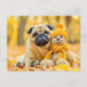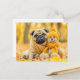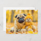 Pug with Plush Toy in Autumn Forest Postkarte
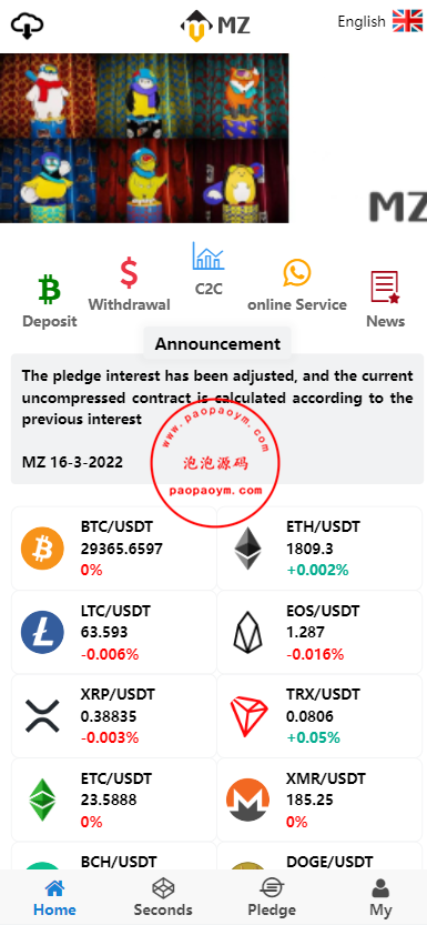全新UI多语言微交易微盘系统/秒合约/质押理财/至尊二开交易所
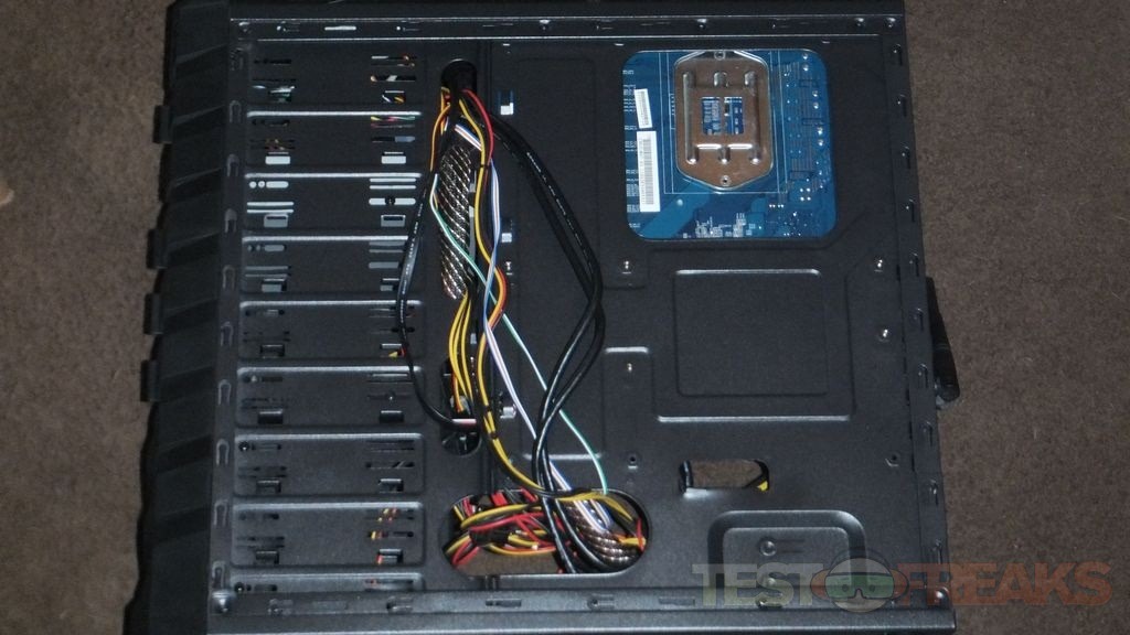 Taking the right panel off you can see the back of the motherboard tray with a large opening for installing or swapping CPU coolers without having to remove the motherboard from the case. There are holes for routing wires through and a few spaces to secure them in place as well.
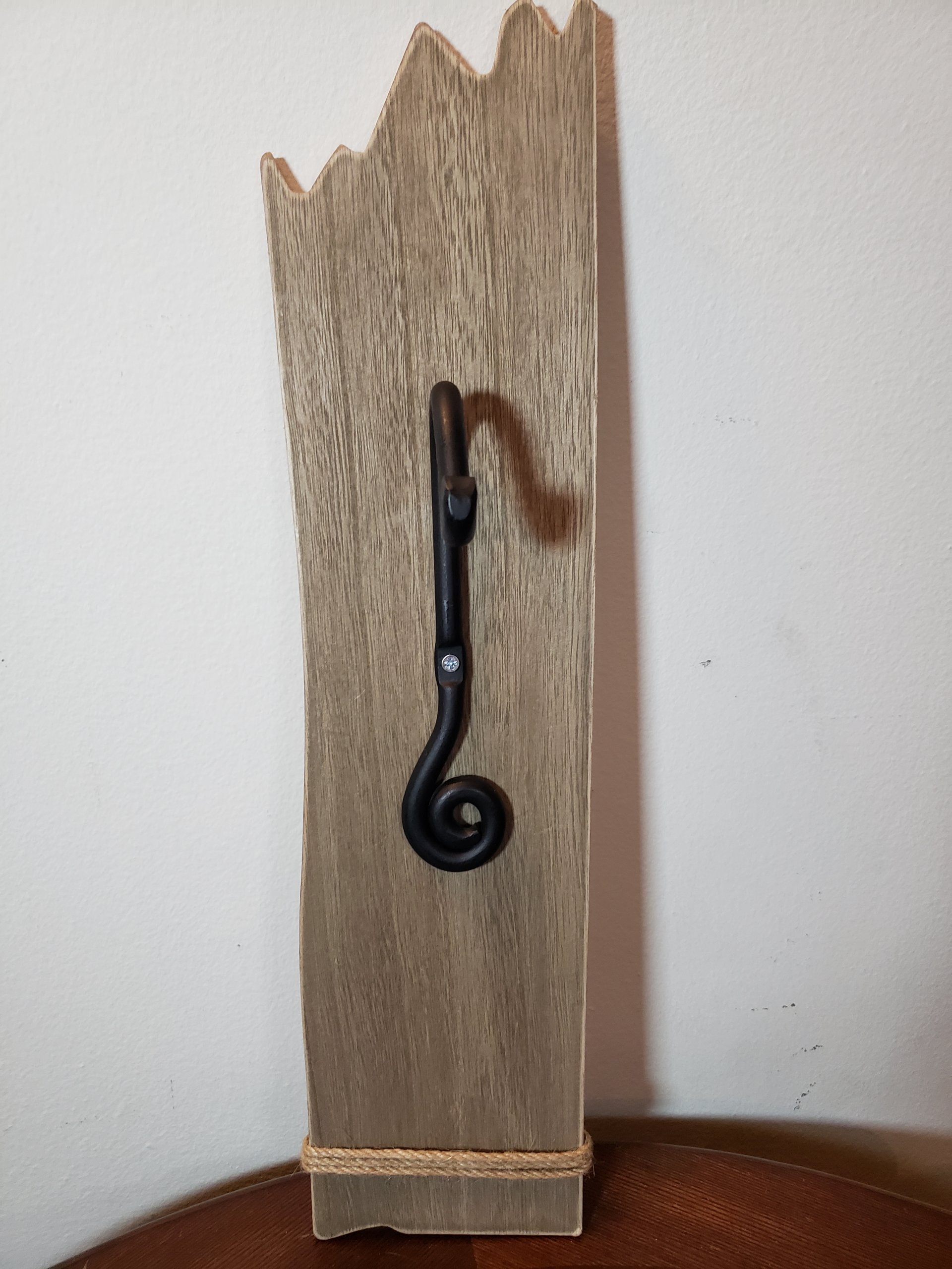 - Wall-mounted wooden sconce board with a decorative metal hook for secure hanging.
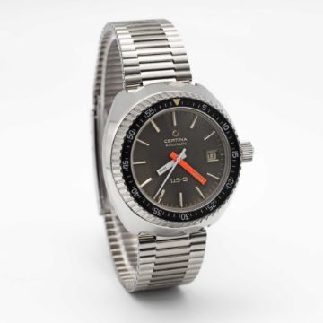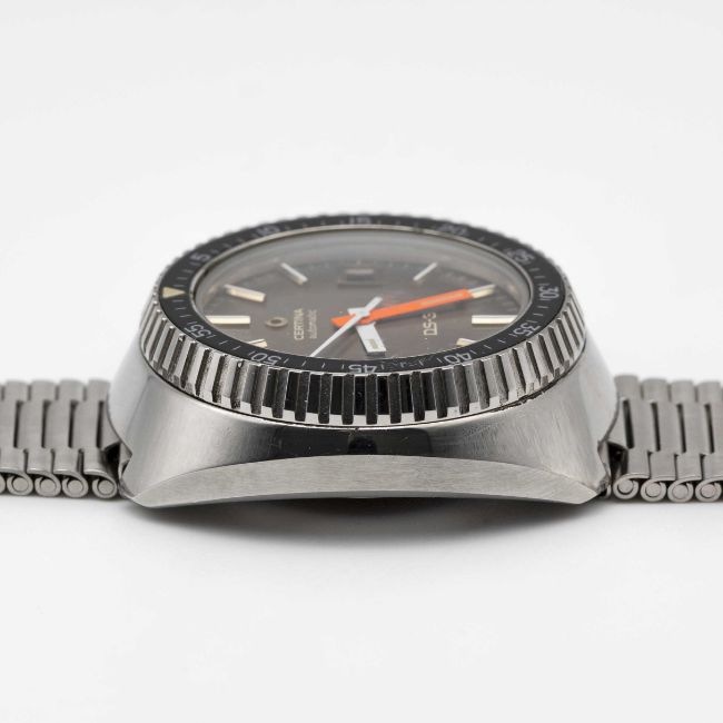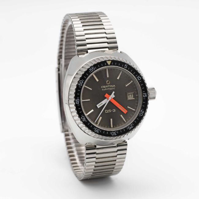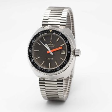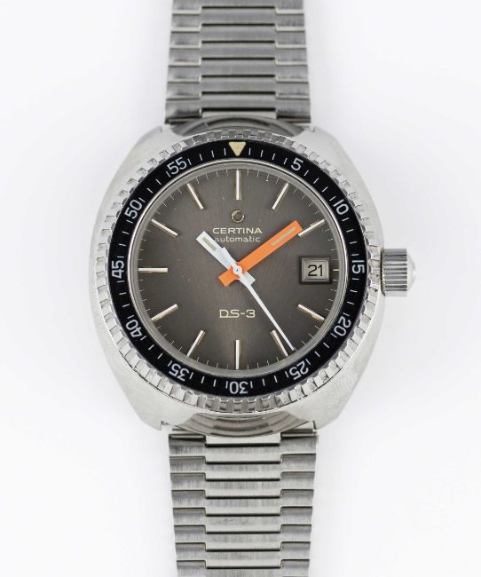 A GENTLEMAN'S STAINLESS STEEL CERTINA DS 3 AUTOMATIC DIVERS BRACELET WATCHCIRCA 1970s, REF. 750 1402 41Movement: 25J, automatic, hacking seconds, quick-set date, cal. 919-1, signed Certina.Case: Diameter approx. 40mm, screw back, signed Certina Watch Corp, turtle emblem engraved on case back, numbered, spring loaded 60 minute rotating bezel, Certina screw-down crown.Bracelet: Certina stainless steel bracelet, numbered 304 18/10 41498.CONDITION REPORTDial: Original dial in excellent condition.Movement: Running & functioning at present, timekeeping and accuracy cannot be guaranteed.Case: In excellent condition, with some light scratches due to general use, original protective wax seal on case back. Bracelet: In excellent condition.
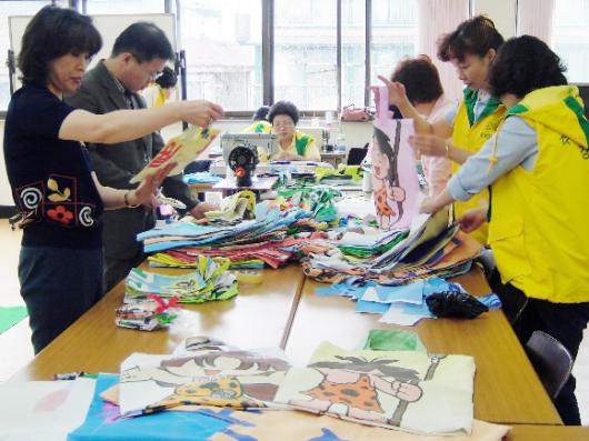 하루 생산량은 50여개다.한 명의 회원이 한 개 만드는 데 10분 정도 걸린다.직장에 다니며 짬을 내 일손을 돕는 금여경(50) 회원은 공업용 재봉틀을 제대로 다루고 손놀림이 빨라 30분에 70개를 만들어내기도 한단다.재단과 디자인을 거쳐 예쁜 장바구니가 탄생한다.현수막의 갖가지 색깔과 그림,글꼴을 살리려고 애쓴다.
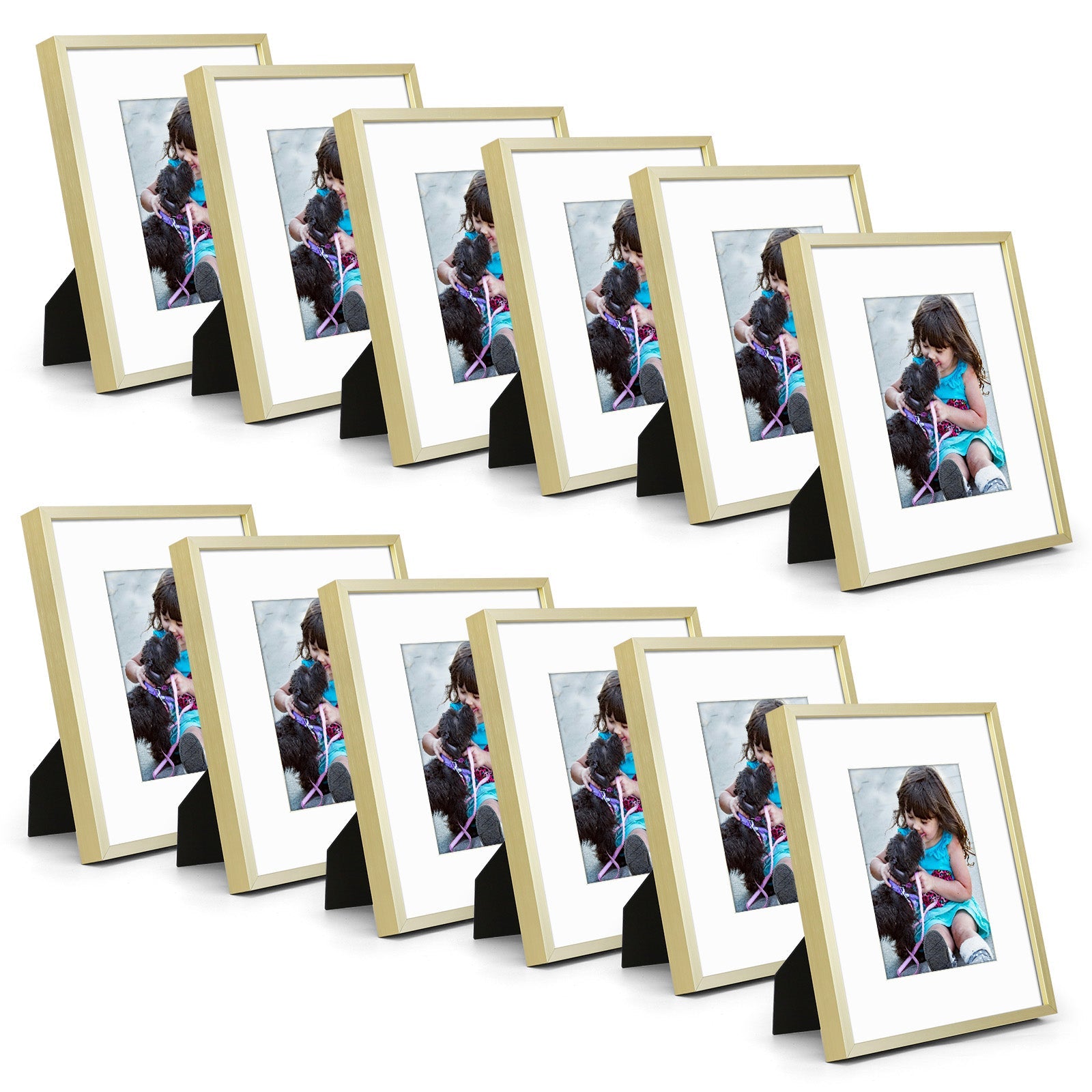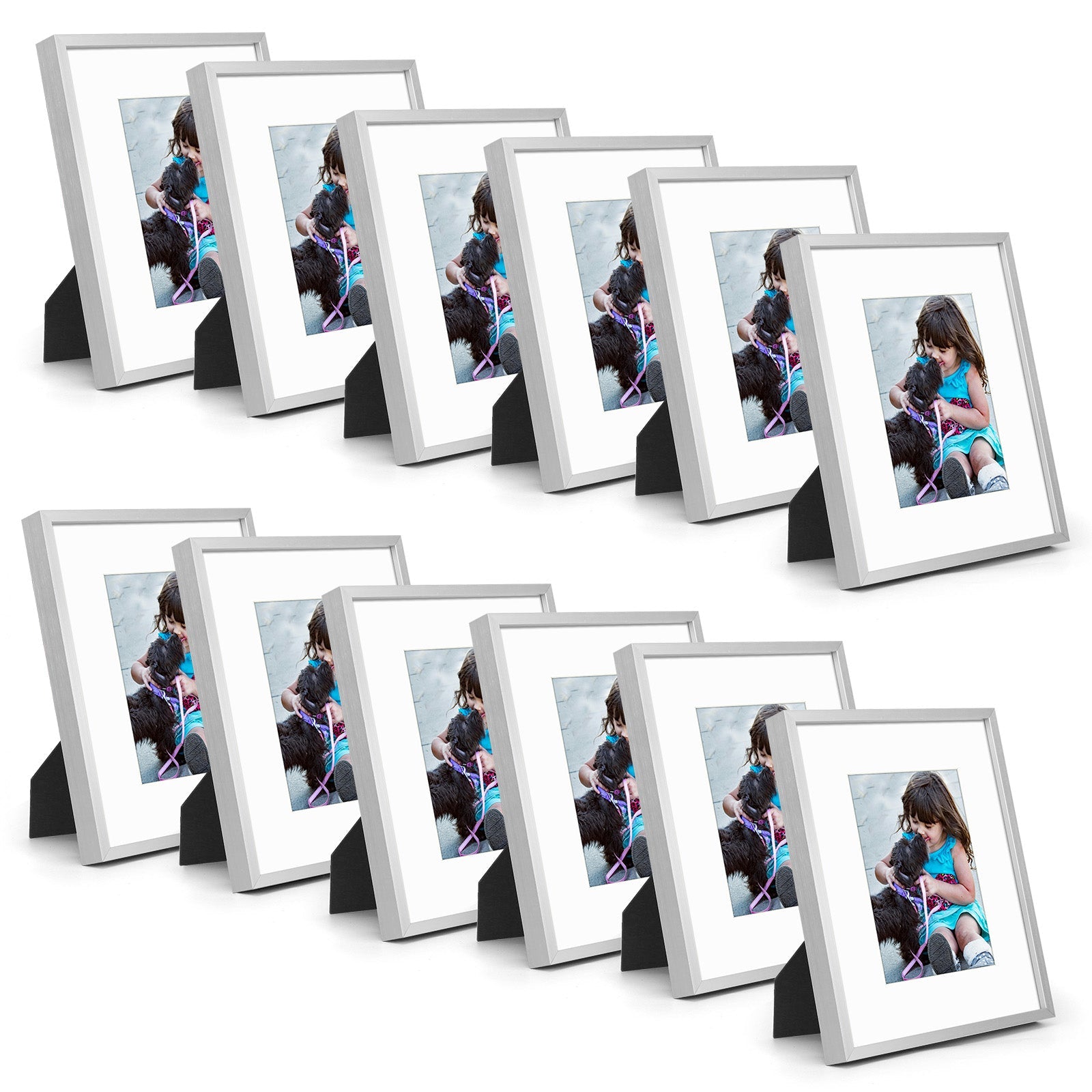 - Complete Frame Set: Includes twelve 8x10" silver aluminum frames, each with a removable mat. Easy to use-just place your photo inside and hang instantly.

+===+

● **WHAT TO WORK ON**
Nothing but the lines from the start of the listing through the line with "- Wall-mounted wooden" belongs in the answer, each one retyped exactly and without pictures.

● **OUTPUT FOR THIS EXERCISE**
 Pug with Plush Toy in Autumn Forest Postkarte
全新UI多语言微交易微盘系统/秒合约/质押理财/至尊二开交易所
 Taking the right panel off you can see the back of the motherboard tray with a large opening for installing or swapping CPU coolers without having to remove the motherboard from the case. There are holes for routing wires through and a few spaces to secure them in place as well.
 - Wall-mounted wooden sconce board with a decorative metal hook for secure hanging.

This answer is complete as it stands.